A golf ball strikes a hard, smooth floor at an angle of θ = 29.6° and, as the drawing shows, rebounds at the same angle. The mass of the ball is 0.041 kg, and its speed is 45 m/s just before and after striking the floor. What is the magnitude of the impulse applied to the golf ball by the floor? (Hint: Note that only the vertical component of the ball's momentum changes during impact with the floor.)
first find the component of velocity perpendicular to the wall,that is the componnet of veloicty that will be refersed.
The change in velocity will be have twice this component...the component parallel does not change.
impulse=mass*2*velocityperpendicular. direction is away from the wall.

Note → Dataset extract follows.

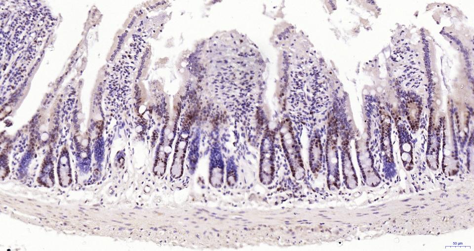 Paraformaldehyde-fixed, paraffin embedded Mouse Small Intestine; Antigen retrieval by boiling in sodium citrate buffer (pH6.0) for 15 min; Antibody incubation with PCNA Polyclonal Antibody, Unconjugated (bs-0754R) at 1:800 overnight at 4°C, followed by conjugation to the SP Kit (Rabbit, SP-0023) and DAB (C-0010) staining.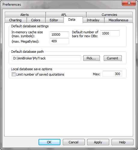 - Limit number of saved quotations - if this option is ON, AmiBroker

To find the magnitude of the impulse applied to the golf ball by the floor, we need to determine the change in the vertical component of the ball's momentum during the impact.
Given:
- Initial angle of the ball's trajectory, θ = 29.6°
- Mass of the ball, m = 0.041 kg
- Initial and final speed of the ball, v = 45 m/s
Let's break down the steps to find the magnitude of the impulse:
Step 1: Find the vertical component of the initial velocity (v₀y) and final velocity (vfy) using trigonometry:
v₀y = v₀ * sin(θ)
vf_y = vf * sin(θ)
Step 2: Calculate the initial momentum in the vertical direction (p₀y) and final momentum (pfy):
p₀y = m * v₀y
pfy = m * vf_y
Step 3: Determine the change in momentum (Δp):
Δp = pfy - p₀y
Step 4: Finally, the magnitude of the impulse (J) is equal to the absolute value of the change in momentum:
J = |Δp|
Let's calculate it step by step:
Step 1:
v₀y = 45 m/s * sin(29.6°) ≈ 22.55 m/s
vf_y = 45 m/s * sin(29.6°) ≈ 22.55 m/s
Step 2:
p₀y = 0.041 kg * 22.55 m/s ≈ 0.925 kg·m/s
pfy = 0.041 kg * 22.55 m/s ≈ 0.925 kg·m/s
Step 3:
Δp = 0.925 kg·m/s - 0.925 kg·m/s = 0
Step 4:
J = |0| = 0
Therefore, the magnitude of the impulse applied to the golf ball by the floor is 0 N·s (or kg·m/s).